The densities at the different "knots" are correlated with one another, through a Gaussian process: $$ p \left( \vec{\rho} \right) \propto \exp \left( -\frac{1}{2} \vec{\rho}^T C_{\rho}^{-1} \vec{\rho} \right) \, . $$

A linear transformation of a Gaussian is a Gaussian, so the prior on $\vec{a}$ is Gaussian, with $$ \vec{\mu}_a = G \vec{\mu}_{\rho} ,\hspace{1em} C_a = G C_{\rho} G^T \, . $$

Likelihood of $\vec{a}$ comes from observations of stellar photometry.

⇒ There is a straightforward way to predict the (Gaussian) posterior of $\rho$ at any new point in space.

Results: structure of the Orion clouds

Rezaei+ (2020)

Variational inference with a log-normal prior

Leike+ (2019, 2020)

Prior: logarithm of density is a Gaussian process: $$ \rho \sim \exp\left( \mathcal{GP} \right) $$

Infer large volumes at once: not sightline-by-sightline.

Variational method: approximate the posterior as a Gaussian, and minimize difference between variational Ansatz and the true posterior.

Models dust out to ~400 pc.

→ Very high resolution for nearby dust.

Variations in dust properties

Dust wavelength-extinction relation varies throughout the Milky Way.

→ Primary effect in the optical: variation in dust grain-size distribution.

Parameterized by the ratio of extinction to reddening in optical wavelengths: $$ A\left(V\right) = R\left(V\right) E\left(B-V\right) $$

→ Slope of the extinction-wavelength relation.

Pair method

Stellar model colors

Schlafly+ (2016)

Basic idea: compare unreddened and reddened stars of same spectroscopic type.

Match spectroscopic survey (APOGEE) to photometric surveys (PS1, 2MASS, WISE).

Model colors of star $k$ as a function of spectroscopic type and reddening: $$ \vec{c}_k = \vec{f} \left( T_{\mathrm{eff},\,k}, \, \left[ \mathrm{Fe} / \mathrm{H} \right]_k \right) + \vec{R}_0 \, E_k \, . $$

The function $\vec{f}$ and reddening vector $\vec{R}_0$ are constrained by a large number of stars.

Reddening of each star

Stellar reddenings, based on pair method:

Schlafly+ (2016)

Above, we only determined $\vec{R}_0$, the average reddening vector.

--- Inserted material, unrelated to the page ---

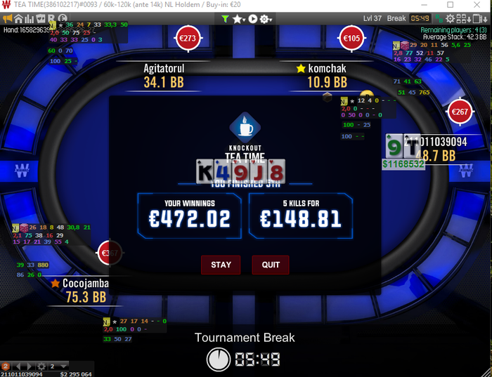 Poker Stars, $9.80 Buy-in (60/120 blinds, 18 ante) No Limit Hold'em Tournament, 9 Players Poker Tools Powered By Holdem Manager - The Ultimate Poker Software Suite.

→ What if it varies in space?

Difference between observed and model color: $$\vec{\delta c} \equiv \hat{c} - \vec{c}_{\mathrm{model}} = \hat{c} - \vec{f} \left( T_{\mathrm{eff}}, \, \left[ \mathrm{Fe} / \mathrm{H} \right] \right) \, .$$

← Reddenings don't necessarily lie along $\vec{R}_0$.

Principal-component analysis of stellar reddenings

← Find the main axes in color-space along which dust reddening moves stars.

The 1st principal component is the mean reddening relation.

The 2nd principal component corresponds to $R\left(V\right)$ variation.

Distribution of $R\left(V\right)$ over the sky

Schlafly+ (2016)

Use stellar $R\left(V\right)$ measurements in combination with 3D dust map to determine $R\left(V\right)$ in 3D.

$R\left(V\right)$ in 3D

Schlafly, Peek, Finkbeiner, Green (2017)

→ Unexpectedly large-scale variations in dust properties.

Final thought: determining dust from star counts?

The DECaPS survey

There is a mathematical framework for this: Poisson point processes (Sale+ 2015).

Mapping dust ...

... is important for many areas of astronomy.

... gives us a window into the structure of our galaxy.

... involves many interesting inference techniques and datasets.